If anyone who has publicly condemned healthcare for transgender children, including those who argue against healthcare until the age of 24 (!) is on the panel, this panel will lack all credibility with families of transgender children. There would be no place for anti-vaccine voices on a review of vaccine safety – there would be no place for anti-climate change fringe voices on a review of climate change policy – there absolutely is no place for anyone who has spoken out against the rights and wellbeing of transgender children in a NHS panel reviewing this healthcare.

The biggest concern – There will likely not be one single paediatrician with experience supporting trans children on that NHS review panel. In other countries like Australia, trans youth healthcare is led by paediatricians. Here in the UK there is not one single paediatrician with this experience and specialism. Our NHS service is led by psychoanalysts who are not medically qualified. This is a huge knowledge gap for this NHS review panel. The panel absolutely has to have on it a paediatrician with experience in leading the care of transgender children. If there is not one such experienced and qualified paediatrician in the UK (which there is not), the panel needs to fill this knowledge gap by inviting experienced paediatricians from the US or Australia to join this panel. Someone like Michelle Tefler, the paediatrician in charge of the Australian trans youth healthcare system would be ideal.

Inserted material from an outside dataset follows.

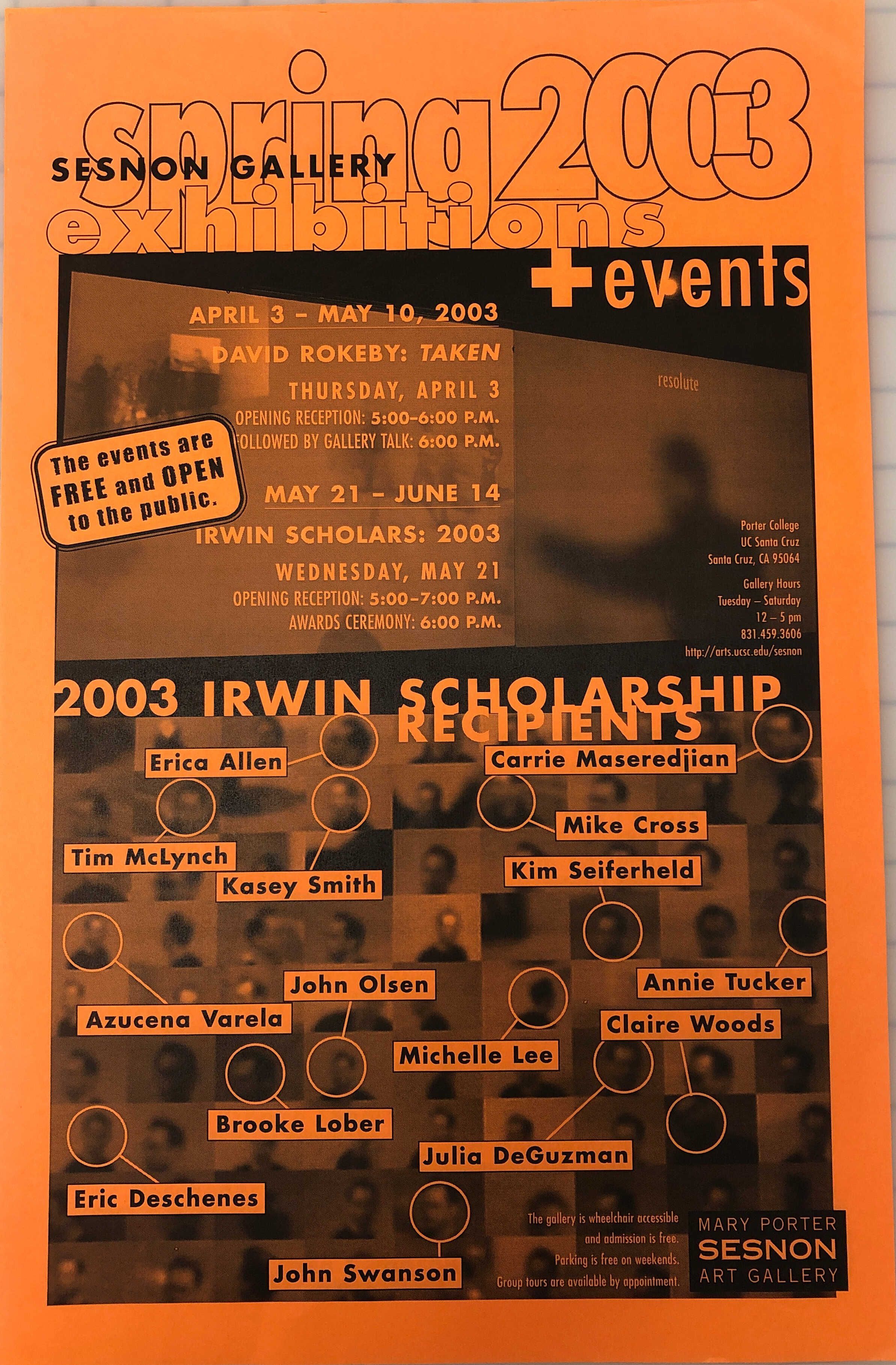 Events for spring 2003 and irwin

And as we wait, families and transgender children are already being harmed by the UK NHS approach – by the media messaging about reviewing the evidence base on puberty blockers. Already children are experiencing additional trauma, scrutiny and disbelief from NHS health professionals like GPs, from school teachers, from social services, from family members, as a direct result of this inquiry. Direct harm due to the NHS’s chosen approach.

Again, I will compare this to the Australian RACP approach which stated today:
“the RACP notes that there are substantial dangers posed by some of the proposals that have been put forward during the recent public debate on this issue, such as holding a national inquiry into the issue. A national inquiry would not increase the scientific evidence available regarding gender dysphoria but would further harm vulnerable patients and their families through increased media and public attention”.

Why does the NHS continue to fail transgender children so badly, in so many different ways?

Why can’t we learn from the Australian healthcare system?

Who is speaking up for trans children’s rights and wellbeing within the decision making circles of the NHS?